The task: The task calls for an exact copy of the records, without any images.

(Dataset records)

Segment Open

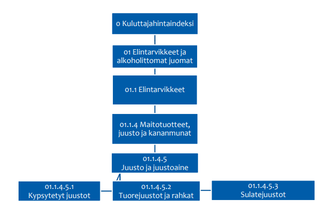 Kuva 1. Esimerkki kuluttajahintaindeksin rakenteesta ja alaindekseistä.
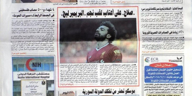 “الأهرام”: 4 شهداء و500 مصاب فلسطينى فى الجمعة الرابعة لـ”مسيرات العودة”. “الشروق”: الفلسطينيون يواصلون “مسيرات العودة”.. وإسرائيل تلوح باغتيال قادة “حماس”.. شهيدان وعشرات المصابين فى مواجهات مع قوات الاحتلال قرب حدود غزة. “الوطن”: رصاص الاحتلال الإسرائيلى يسقط شهيدين ويصيب 126 فلسطينيًا.. عصابات يهودبة تقتحم قرى فلسطينية وتهدد سكانها بالقتل.. ورئيس رومانيا: لا نية لنقل سفارتنا إلى القدس.
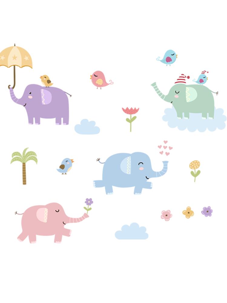 Παιδικό Αυτοκόλλητο Τοίχου - Colourful Elephants
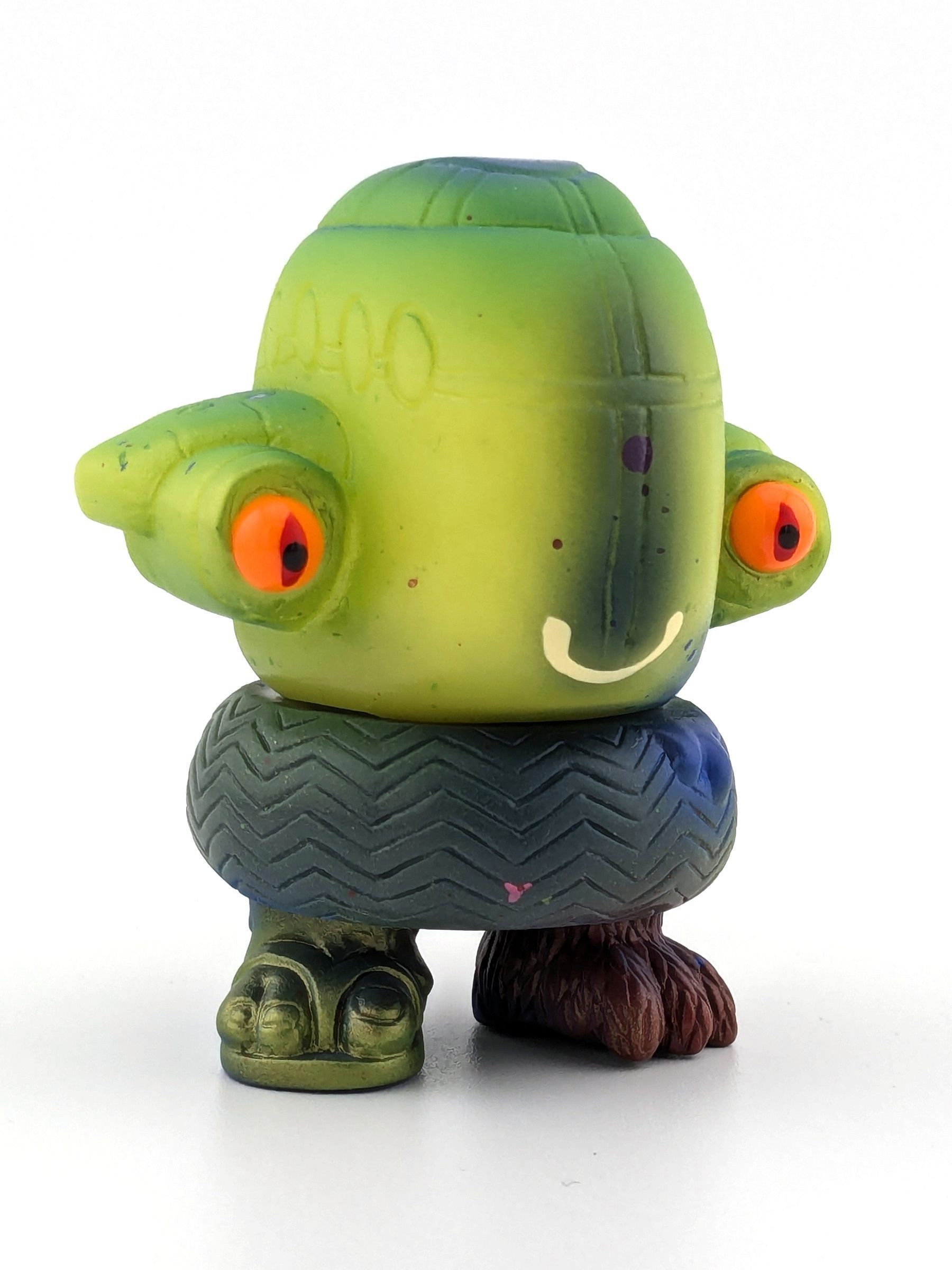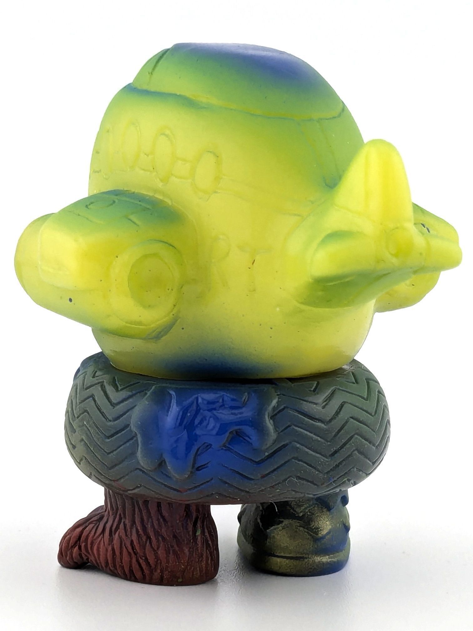Blue and lime green vinyl with blue, green, red, fluro orange, black, and white paint
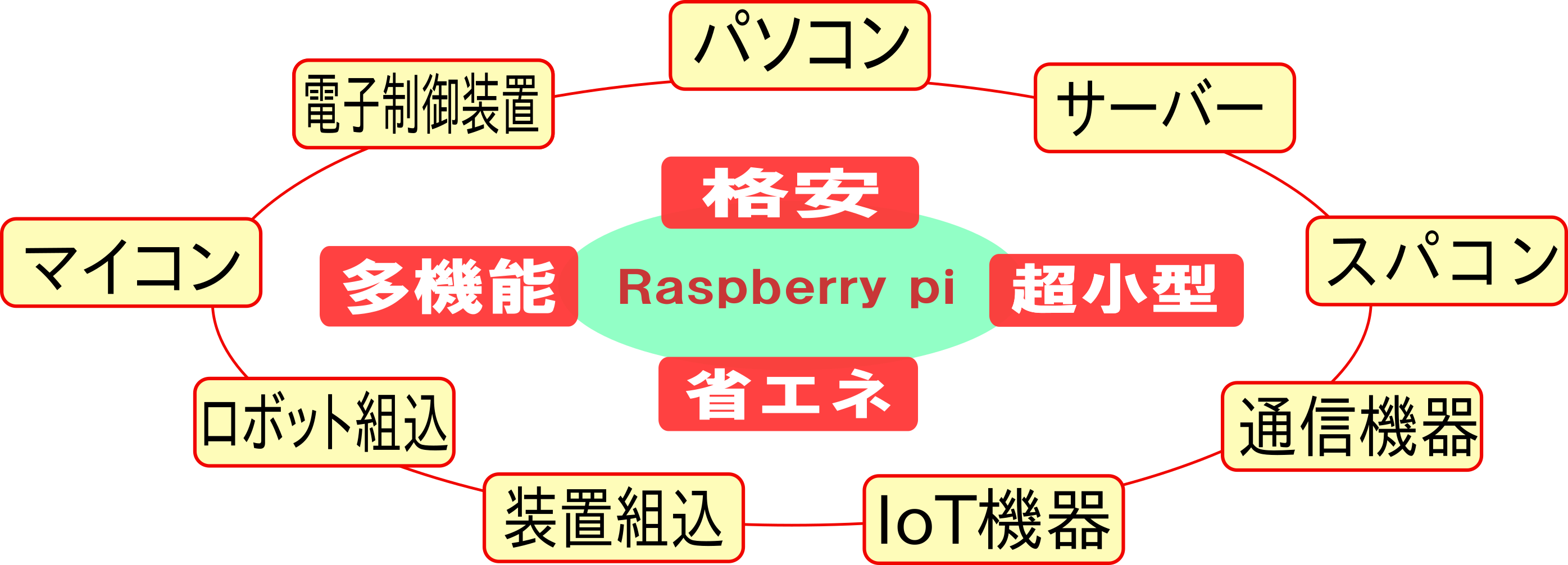 格安・多機能の名刺サイズコンピュータ・Raspberry Pi(ラズパイ)は、パソコン、サーバー、スパコン、IoT、ロボット、、など多彩な使われ方で 様ざまな使われ方をしています。
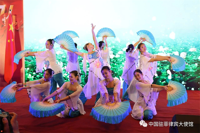 招待会现场展出了“新时代中国的非凡十年”图片展,设置了杭州亚运会纪念品展台和中资企业展台,播放了反映中国经济社会发展伟大成就和中菲务实合作丰硕成果的短片,表演了具有中菲民族特色的文艺节目。与会嘉宾们纷纷祝贺中华人民共和国成立74周年,盛赞中国取得举世瞩目的经济社会发展成就,预祝杭州第19届亚运会、第三届“一带一路”国际合作高峰论坛等盛事取得圆满成功,期待中菲关系行稳致远,造福两国人民。
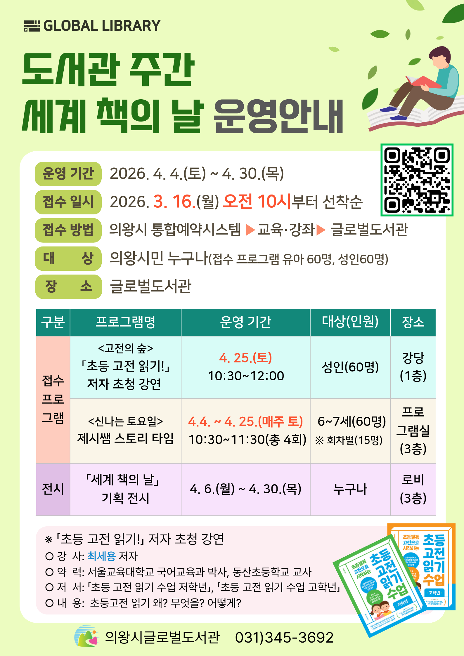 도서관 문화행사 신청 → 의왕시 통합예약시스템으로 변경됩니다.
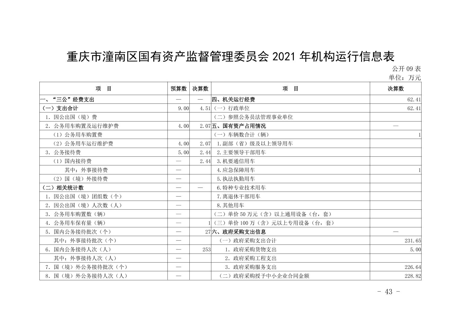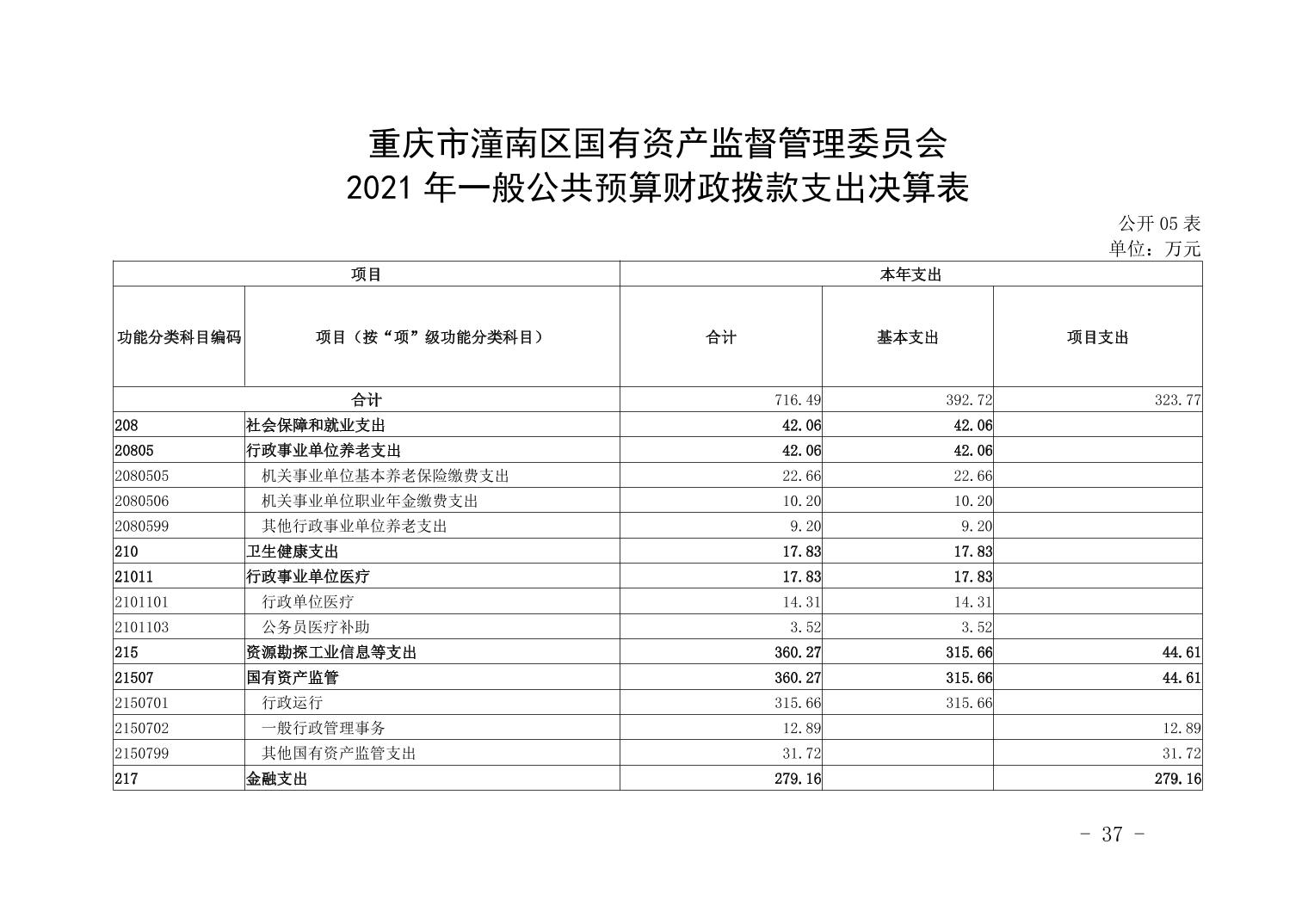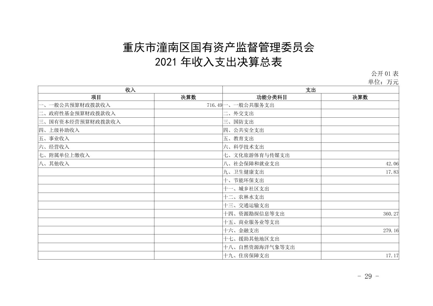 重庆市潼南区国有资产监督管理委员会2021年度部门决算公开
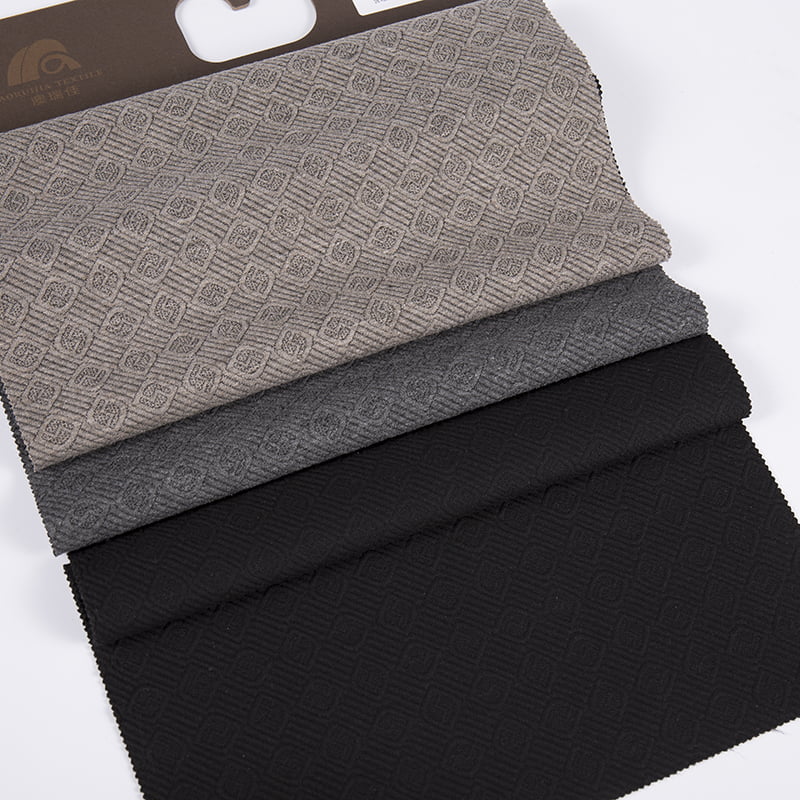 도매 의류 AW23019를 위한 양각 다이아몬드 능직물 니트 자카드 폴리에스테르 비스코스 스판덱스 운동복 직물
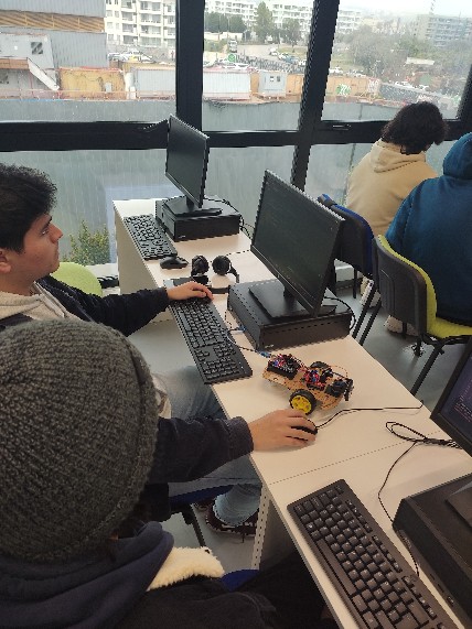 Por otro lado, las y los alumnos de cuarto año de la asignatura de Automatización se enfocaron en resolver conflictos que involucraban el control automático de un robot móvil de tres ruedas. Esta experiencia les permitió comprender cómo los robots pueden ser utilizados para resolver problemas reales e insertarse en la sociedad.
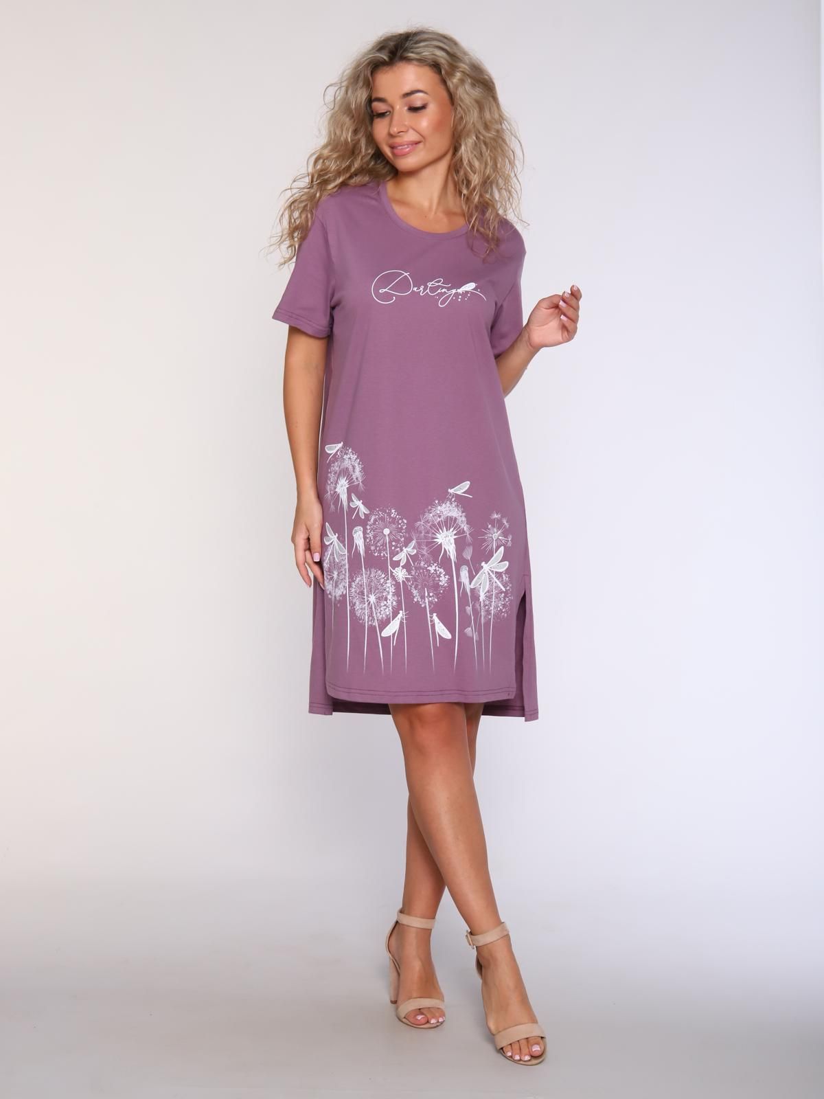 Туника из гладкокрашеного трикотажного полотна "кулирка", свободного покроя, прямого силуэта, с короткими втачными рукавами, горловиной овальной формы, обработанной обтачкой из основной ткани, принтом в центре переда и разрезами в нижней части боковых швов. Модным элементом является разность длин полочки и спинки.

Segment Closed

Written response:
 Kuva 1. Esimerkki kuluttajahintaindeksin rakenteesta ja alaindekseistä.
 “الأهرام”: 4 شهداء و500 مصاب فلسطينى فى الجمعة الرابعة لـ”مسيرات العودة”. “الشروق”: الفلسطينيون يواصلون “مسيرات العودة”.. وإسرائيل تلوح باغتيال قادة “حماس”.. شهيدان وعشرات المصابين فى مواجهات مع قوات الاحتلال قرب حدود غزة. “الوطن”: رصاص الاحتلال الإسرائيلى يسقط شهيدين ويصيب 126 فلسطينيًا.. عصابات يهودبة تقتحم قرى فلسطينية وتهدد سكانها بالقتل.. ورئيس رومانيا: لا نية لنقل سفارتنا إلى القدس.
 Παιδικό Αυτοκόλλητο Τοίχου - Colourful Elephants
Blue and lime green vinyl with blue, green, red, fluro orange, black, and white paint
 格安・多機能の名刺サイズコンピュータ・Raspberry Pi(ラズパイ)は、パソコン、サーバー、スパコン、IoT、ロボット、、など多彩な使われ方で 様ざまな使われ方をしています。
 招待会现场展出了“新时代中国的非凡十年”图片展,设置了杭州亚运会纪念品展台和中资企业展台,播放了反映中国经济社会发展伟大成就和中菲务实合作丰硕成果的短片,表演了具有中菲民族特色的文艺节目。与会嘉宾们纷纷祝贺中华人民共和国成立74周年,盛赞中国取得举世瞩目的经济社会发展成就,预祝杭州第19届亚运会、第三届“一带一路”国际合作高峰论坛等盛事取得圆满成功,期待中菲关系行稳致远,造福两国人民。
 도서관 문화행사 신청 → 의왕시 통합예약시스템으로 변경됩니다.
 重庆市潼南区国有资产监督管理委员会2021年度部门决算公开
 도매 의류 AW23019를 위한 양각 다이아몬드 능직물 니트 자카드 폴리에스테르 비스코스 스판덱스 운동복 직물
 Por otro lado, las y los alumnos de cuarto año de la asignatura de Automatización se enfocaron en resolver conflictos que involucraban el control automático de un robot móvil de tres ruedas. Esta experiencia les permitió comprender cómo los robots pueden ser utilizados para resolver problemas reales e insertarse en la sociedad.
 Туника из гладкокрашеного трикотажного полотна "кулирка", свободного покроя, прямого силуэта, с короткими втачными рукавами, горловиной овальной формы, обработанной обтачкой из основной ткани, принтом в центре переда и разрезами в нижней части боковых швов. Модным элементом является разность длин полочки и спинки.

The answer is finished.